The function initiates an I2C bus communication to the sensor from the board, read the temperature sensor STEPS times and finally compute the average temperature. We measure the time taken to read and sum the values.

Next, let us look at the code snippet for the accel sensor.

```
clock_gettime(CLOCK_PROCESS_CPUTIME_ID,&begin);
spi_init();
spi_select_bus(MIKROBUS_2);
accel_click_enable();
for(int i=0;i<STEPS;i++){
   accel_click_get_measure(&a[i].X, &a[i].Y, &a[i].Z);
   roll = atan2(a[i].Y, a[i].Z) * 180/M_PI;
   pitch = atan2(-a[i].X, sqrt(a[i].Y*a[i].Y + a[i].Z*a[i].Z)) * 180/M_PI;
}
accel_click_disable();
spi_release();
clock_gettime(CLOCK_PROCESS_CPUTIME_ID,&end);</pre>
```

The function initiates a SPI bus communication to the sensor, read the current x,y,z axis values and compute the current roll and pitch.

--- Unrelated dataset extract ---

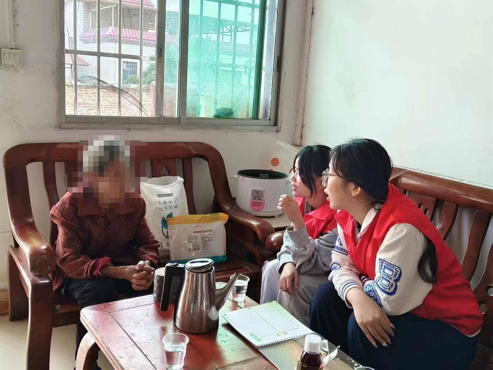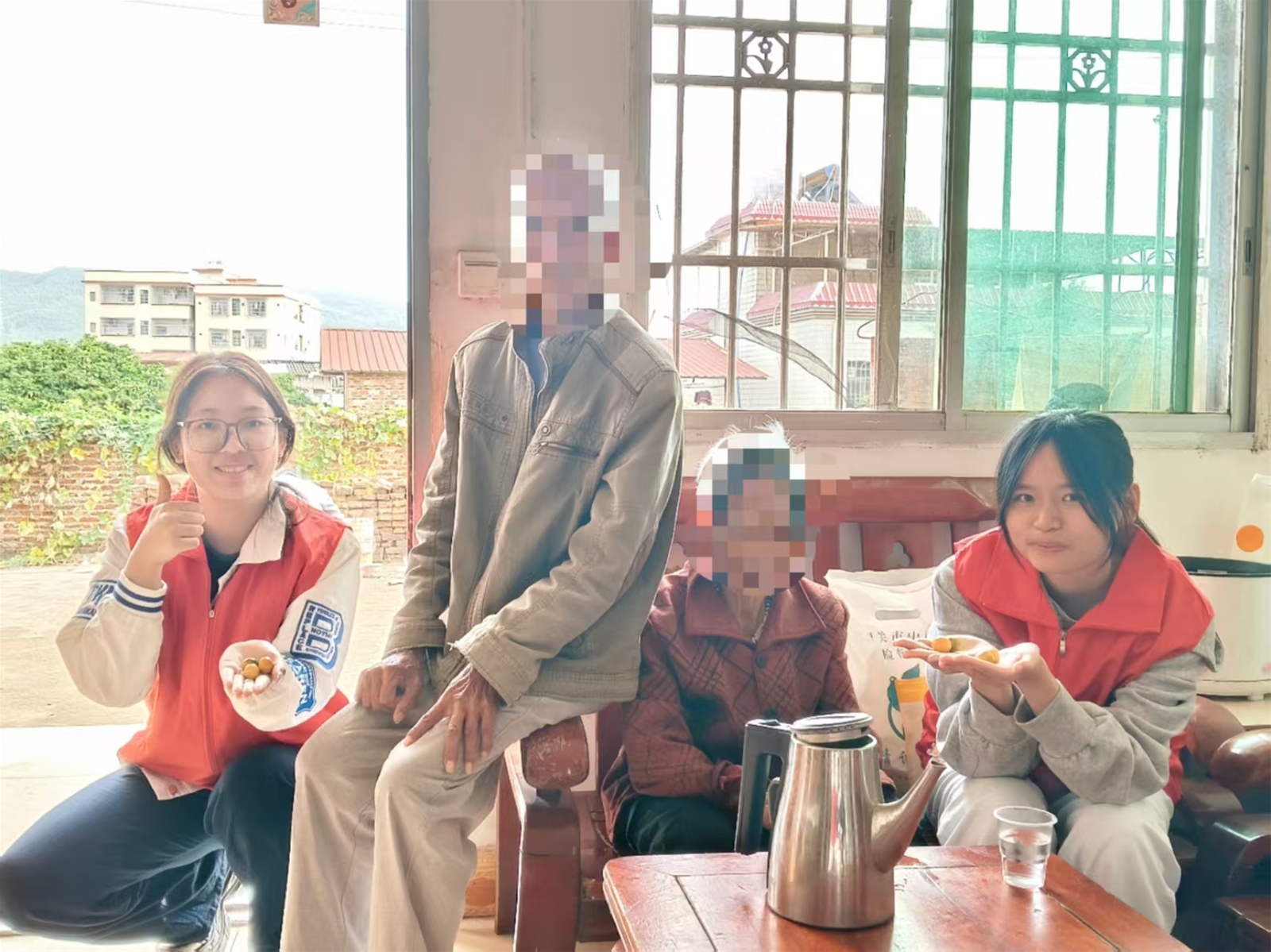 在服务的过程中,我也体验到了很多爱。在婆婆忘记时,爷爷会在旁边提醒她、给她倒水喝的爱;家里人始终陪伴在婆婆身边,关心婆婆的爱;还有婆婆对我们义工的爱,婆婆每次都会拿吃的招待我们,婆婆每次给我吃的,我都很感动。每每此时,我总能想到我的奶奶,我奶奶每次也会把好吃的都留给我。或许在老人家的想法里,她们表达喜爱的方式就是给你吃很多好吃的。

The package includes source code for sample applications. This can be found at

```
/iot/serial_sensor_read.c
/iot/pthread sensor read.c
```

We can build the application using the provided make file under the directory.

cd iot/



make

Using scp, command on the Ci40 board transfer the compiled binary from the host machine.

```
scp user@host:/path/to/iot/serial_read.exe
scp user@host:/path/to/iot/pthread read.exe
```

As the names suggest, one program will read from the sensors serially, while the other does the same in a multi-threaded fashion. The results are as follows.

```
#Read the temperature sensor followed by accelerometer
root@OpenWrt:/diskr# ./serial read.exe
Reading Temperatures
Average Temperature 27.189°C
Reading accelerometer values
Current roll and pitch -135.000 and 35.264
Time Taken serial execution(s): 1.850000
#Now read them both parallel schedule on CPUs 2 and 3
root@OpenWrt:/diskr# ./pthread read.exe
Scheduled Temperature Thread ID: 2001916736, CPU: 2
Reading Temperatures
Scheduled Accelerometer Thread ID: 1993528128, CPU: 3
Reading accelerometer values
Current roll and pitch -135.000 and 35.264
Time Taken accel thread execution(s): 1.140000
Average Temperature 27.065
Time Taken temperature thread execution(s): 1.070000
#Time taken by serial execution is 1.85s , In parallel the time is about
1.14 (higher of the two sensors)
#Thus CPU is idle for 0.71s more
```

The above clearly shows, the improvement in idle time of CPU time, while using multi-threading, which adds power savings to a multi-sensor IoT application, as well as increasing throughput in the process.



# 3. Conclusion

The Creator Ci40 is a great IoT development platform, supporting modern communication tailored for IoT, and is ready to accept two sensors out of the box. It includes a modern MIPS interAptiv CPU, providing Multi-Threading, a highly efficient feature, not available from similarly classified, competing CPUs. This feature provides increased CPU utilization, efficiency, performance, power savings vital for today's IoT application.

With support for multiple platforms including OpenWrt, Brillo, the Creator Ci40 is a great development board for the MIPS architecture that fully enables the end user to prototype an IoT application with ease.